Caolan Robertson, un ex "youtuber" de la ultraderecha, arrepentido de contribuir a propagar el odio a través de sus vídeos, ha contado cómo los producía. Explica con detalle un montaje donde un dirigente ultraderechista fue agredido por un hombre negro a la salida de una estación de tren. Tergiversó lo que realmente había sucedido y lo manipuló para utilizarlo, como tantos otros, con el objetivo de reforzar los sentimientos de odio contra los inmigrantes. Un portavoz de YouTube aseguró que en la compañía se habían hecho “cambios importantes en la forma de recomendar videos y evitar la propagación de información falsa y contenido de odio”.

Inquieta saber que existía (no sé si sigue existiendo) un canal de YouTube para jóvenes supremacistas blancos, dirigido por una niña de 14 años con un millón de seguidores. Una periodista estadounidense se ha jugado el tipo para descubrir alarmantes detalles de ese submundo. Se trata de Talia Lavin, judía residente en Brooklyn, de izquierdas y bisexual, que se ha inventado una personalidad falsa para infiltrarse en las redes de supremacistas blancos, extremistas cristianos, nazis y neofascistas, que se expanden por Internet. Y se cuelan en las redes sibilinamente porque, en teoría, alguno de dichos grupos ha sido prohibido en Facebook, Instagram, Twitter y YouTube. En concreto los fanáticos Proud Boys, declarados islamófobos, antisemitas, misóginos, transfóbicos, antiinmigrantes y partidarios del uso de la violencia, han sido considerados terroristas por parte del Gobierno canadiense, desde que se demostró que varios de sus miembros planificaron y participaron en el asalto al Capitolio de los Estados Unidos. Pues, a pesar de las prohibiciones, siguen infiltrados en las redes captando adeptos y lanzando mensajes para meter cizaña. 
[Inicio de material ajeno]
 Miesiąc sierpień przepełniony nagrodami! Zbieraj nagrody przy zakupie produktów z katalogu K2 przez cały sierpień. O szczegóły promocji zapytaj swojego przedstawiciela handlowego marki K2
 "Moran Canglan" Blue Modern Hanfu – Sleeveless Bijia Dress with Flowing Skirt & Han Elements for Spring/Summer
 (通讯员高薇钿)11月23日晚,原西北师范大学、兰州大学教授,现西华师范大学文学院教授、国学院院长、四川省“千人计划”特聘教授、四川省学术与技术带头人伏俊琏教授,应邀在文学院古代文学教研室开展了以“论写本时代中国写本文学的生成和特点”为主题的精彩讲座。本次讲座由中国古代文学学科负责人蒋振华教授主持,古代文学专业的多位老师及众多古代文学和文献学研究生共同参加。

La periodista Lavin, colaboradora de The New Republic, The New Yorker y el Washington Post, experta en asuntos relacionados con la extrema derecha, se hizo pasar por una de sus seguidoras en una web de citas, para denunciar su ideología supremacista blanca, los bulos que difunden, sus lugares de reunión, las tácticas de reclutamiento que utilizan y la amenaza que suponen para la política democrática. A través de plataformas encriptadas, difunden manifiestos que incitan a la violencia de género y racista, con especial inquina contra mezquitas y sinagogas. Las mujeres, para dichos grupos, deben estar al servicio de los hombres, les exigen practicar la monogamia y consideran a las feministas como una peste. También organizan y filtran campañas de difamación contra determinados personajes. Estas son solo una parte del submundo que la periodista neoyorquina ha investigado y denuncia en La cultura del odio: Un periplo por la dark web de la supremacía blanca, recién editado por Capitán Swing Libros.
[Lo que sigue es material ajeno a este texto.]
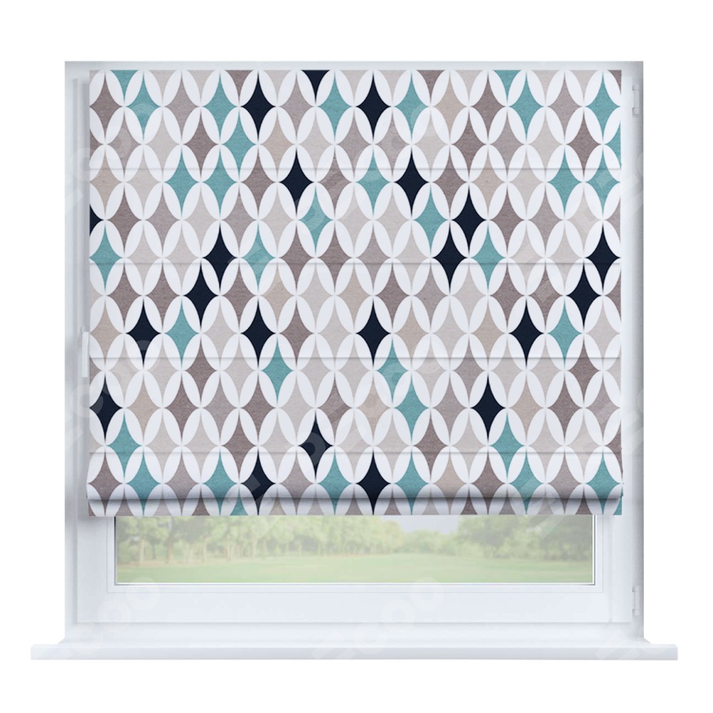 Римская штора производителя «Cortin», устанавливается на створку окна, пошита из ткани блэкаут с нанесением сублимационной печати «Орнамент кристалл». Штора шьётся по индивидуальным размерам, для данного типа римской шторы возможная ширина от 35 до 150 см., высота до 250 см.
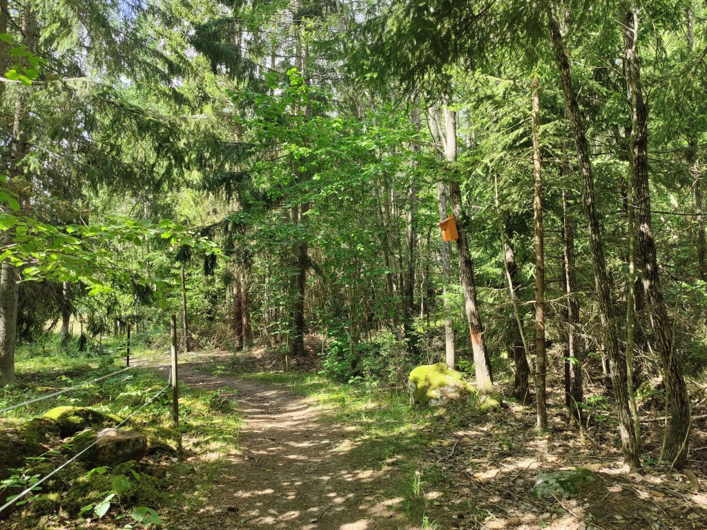 The path veers off the road into proper trails again – and hey, it’s an orange birdhouse to mark the way! I spotted these all throughout the Upplands Väsby section of Upplandsleden.
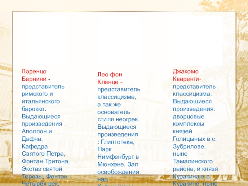 Лео фон Кленце -представитель классицизма, а так же основатель стиля неогрек. Выдающиеся произведения : Глиптотека, Парк Нимфенбург в Мюнхене, Зал освобождения над Кельхаймом, Валгалла, Регенсбург и др.
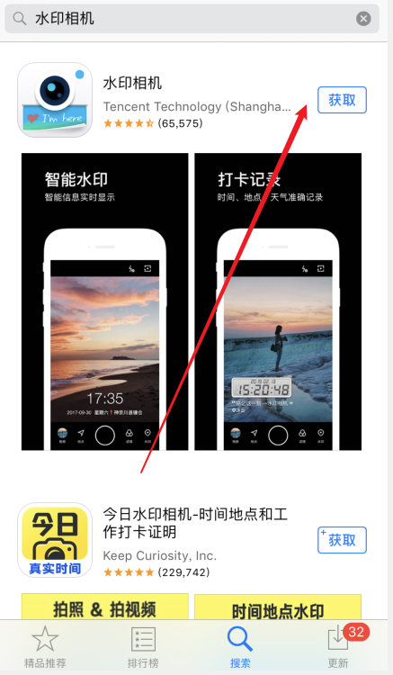 1、苹果商店搜索水印相机,然后下载。如图所示:

¿Cómo defendernos frente al odio rabioso que pone en riesgo la paz social y el sistema democrático? Parafraseando una vez más al filósofo Marina, necesitamos crear anticuerpos para rechazar a tanto elemento patógeno. Actuamos ingenuamente, a pecho descubierto, frente a un ejército de manipuladores insaciables. Somos incapaces de gestionar las nuevas formas de violencia que se ejercen con impunidad. Confundimos, con frecuencia, la información con la propaganda. Veo en todos los noticiarios comparecer ante sus simpatizantes a un Donald Trump, tan peligrosamente seguro de sí mismo, que vuelve a la carga y amenaza con presentarse a las elecciones de 2024 y, si las gana, conceder amnistías a los participantes en el asalto al Capitolio. Mi afán por mantenerme a salvo y evitar disgustos es casi una misión imposible.
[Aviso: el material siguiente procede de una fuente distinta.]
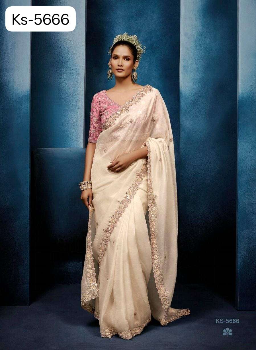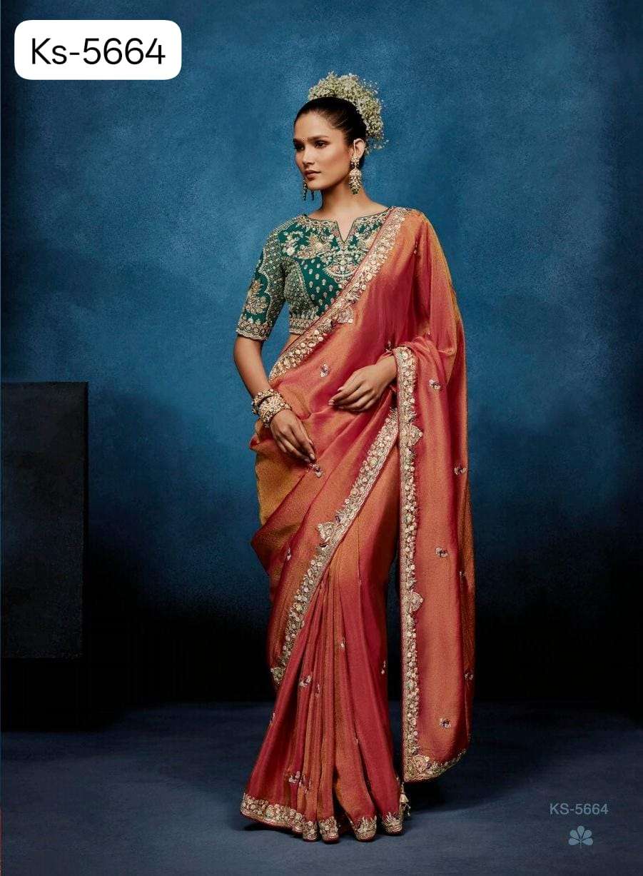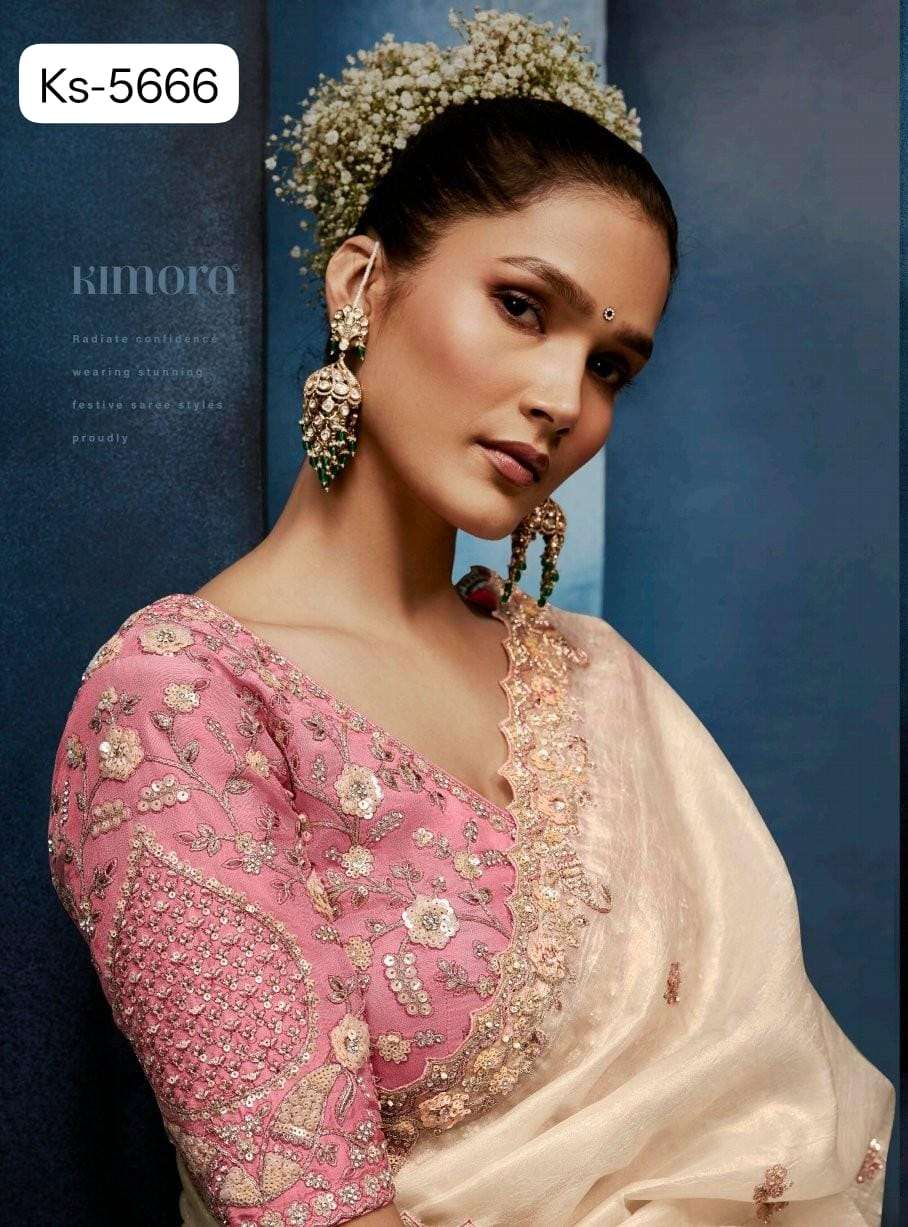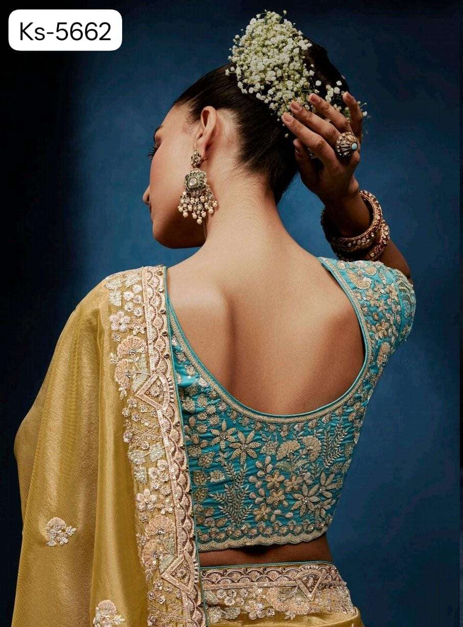 *▶️Fabric - Pure Fancy* *Tissue based Fabric with* *Designer Cobtrast Hand work Blouse 🧐*

Al comenzar otro año más con pésimos augurios (esta vez se trata nada menos que de una amenaza bélica), intento preservar mi estado de ánimo con una mirada muy selectiva. Cuando leo, escucho o veo, procuro dar prioridad a lo que no me perturba. Busco denodadamente expertos que me tranquilicen respecto a las intenciones de Vladimir Putin y me den argumentos para creer que, a pesar del despliegue de tropas, a Rusia no le interesa una guerra; y que las amenazas de Joe Biden y Boris Jhonson son una simple maniobra de distracción para elevar la moral de sus ciudadanos. Putin es un enorme peligro internacional; los otros dos son efímeros. No tengo el menor aprecio por ninguno de ellos. Solo quiero encontrar signos de desescalada. Confío en que se imponga la cordura. Huyo, como de la peste, de las opiniones catastrofistas, que, por cierto, son mayoría.